Foundations: physics & knobology

The three workhorse probes

Frequency trades off resolution against penetration: higher frequency gives finer detail but shallow penetration; lower frequency reaches deep structures with less detail.

• Linear (~5–15 MHz, flat, rectangular image): superficial work — vascular/DVT, lung pleura, ocular, MSK, nerve blocks, soft tissue.
• Curvilinear / convex (~2–5 MHz, curved, fan image): deep abdomen — FAST, aorta, biliary, OB/pelvis.
• Phased array (~1–5 MHz, small footprint, sector image): fits between ribs — cardiac, subxiphoid, lung.

Specialty probes

Endocavitary (~5–9 MHz) for transvaginal/transrectal imaging; microconvex for neonatal and intercostal scanning.

B-mode and M-mode

B-mode (brightness) is the standard 2D grayscale image. M-mode plots one scan line over time, capturing motion precisely.

• B-mode: anatomy and most pathology.
• M-mode: lung sliding (seashore vs. barcode), cardiac wall motion, EPSS, fetal heart rate.

Doppler

Doppler detects motion/flow. Color Doppler overlays flow direction by convention BART — Blue Away, Red Toward the probe. Power Doppler is more sensitive to slow flow but shows no direction. Spectral (PW/CW) Doppler quantifies velocity.

The core controls

Optimize systematically rather than randomly twisting knobs.

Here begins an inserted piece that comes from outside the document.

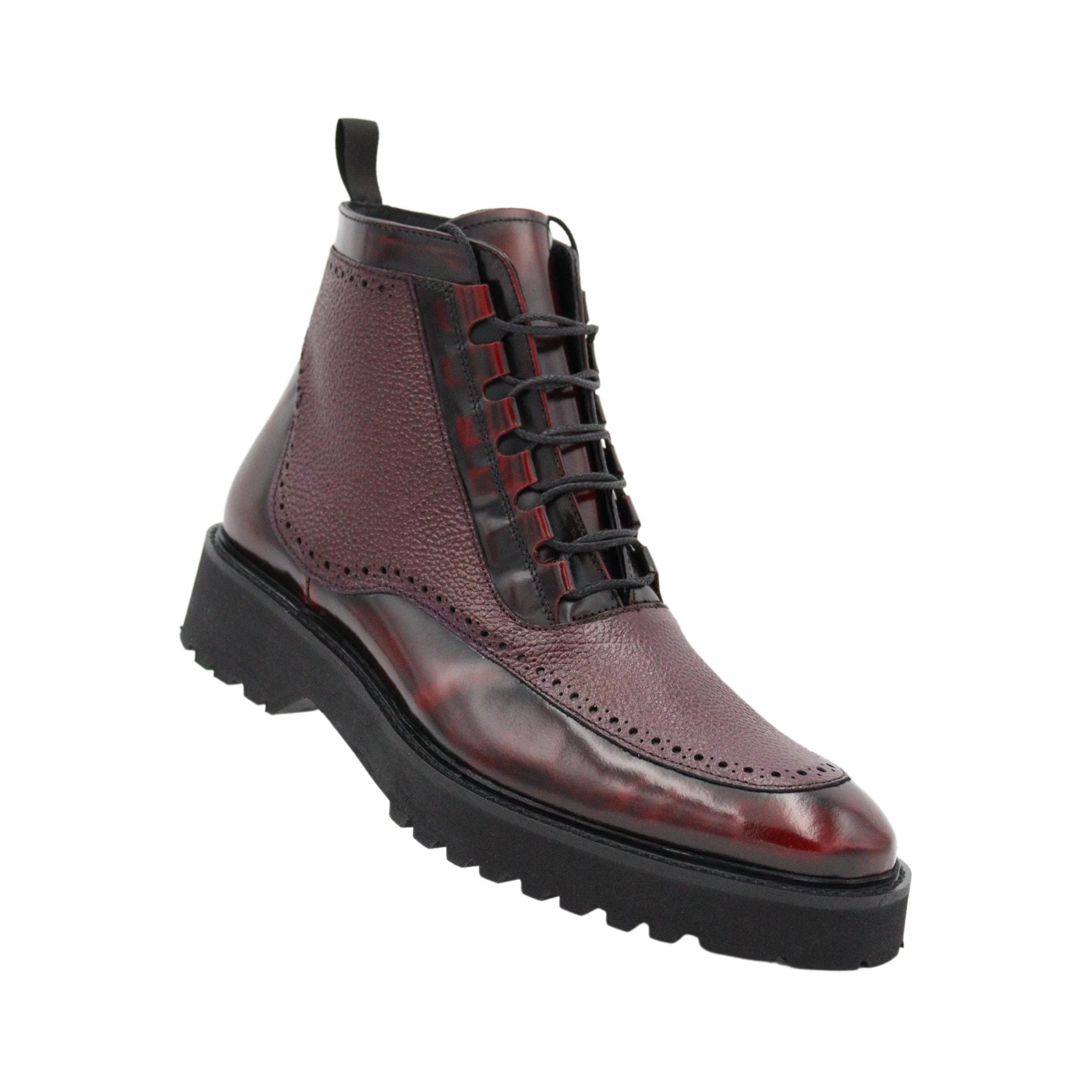 Piel Camaleón Vino con Aplicación Flotter Vino, Forro Flor Cerdo y Suela de Cuero.
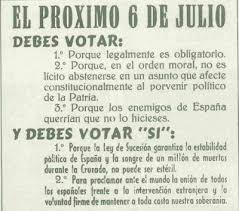 La gente, como siempre sucede, no sabía lo que votaba, y el régimen, como copiando los métodos de los regímenes europeos, enmascaró el referéndum con una vaciedad que arrastró a los votantes: SÍ A FRANCO.

• Depth: set so the target sits centered; trim excess depth to enlarge the region of interest.
• Gain: overall image brightness. Too high washes out; too low hides structures.
• Time-gain compensation (TGC): adjusts brightness at each depth to even out attenuation.
• Frequency: raise for resolution (shallow targets), lower for penetration (deep targets).
• Focus: place the focal zone at the depth of interest for the sharpest lateral resolution.
• Preset: select the correct exam preset (e.g., the low-output ocular preset for the eye).

Top of screen = nearest the probe

Every probe has an orientation marker that maps to an indicator on one side of the screen image.

• Radiology / abdominal convention: screen indicator on the LEFT — marker to the patient's right (transverse) or head (longitudinal).
• Cardiology convention: screen indicator on the RIGHT — the same anatomy appears mirrored.
• State which convention a page uses; this is the single most common source of confusion.

Know them — several are signs, not noise

Artifacts arise from assumptions in image formation. Recognizing them prevents errors and sometimes makes the diagnosis.

• Acoustic shadowing: dark band deep to stones/bone — helps confirm calculi.
• Posterior acoustic enhancement: brighter signal deep to fluid-filled structures (e.g., cysts, bladder).
• Reverberation: repeating parallel echoes (A-lines in lung).
• Mirror image: a duplicated structure across a strong reflector (e.g., diaphragm).
• Anisotropy: tendons/nerves falsely hypoechoic when the beam is off-perpendicular — fix with heel-toe angulation.
• Comet-tail / ring-down: short vertical echoes (B-lines are a ring-down variant).

How the image forms

A piezoelectric transducer emits sound pulses and listens for echoes returning from interfaces between tissues of different acoustic impedance. Echo timing gives depth; echo strength gives brightness.

• Resolution: axial (along the beam) improves with higher frequency; lateral improves with focusing.
• Attenuation increases with depth and frequency — the reason deep imaging uses low frequencies.

Safety (ALARA)

Use As Low As Reasonably Achievable output and time. Watch the thermal (TI) and mechanical (MI) indices, and use the dedicated low-output ocular preset when scanning the eye.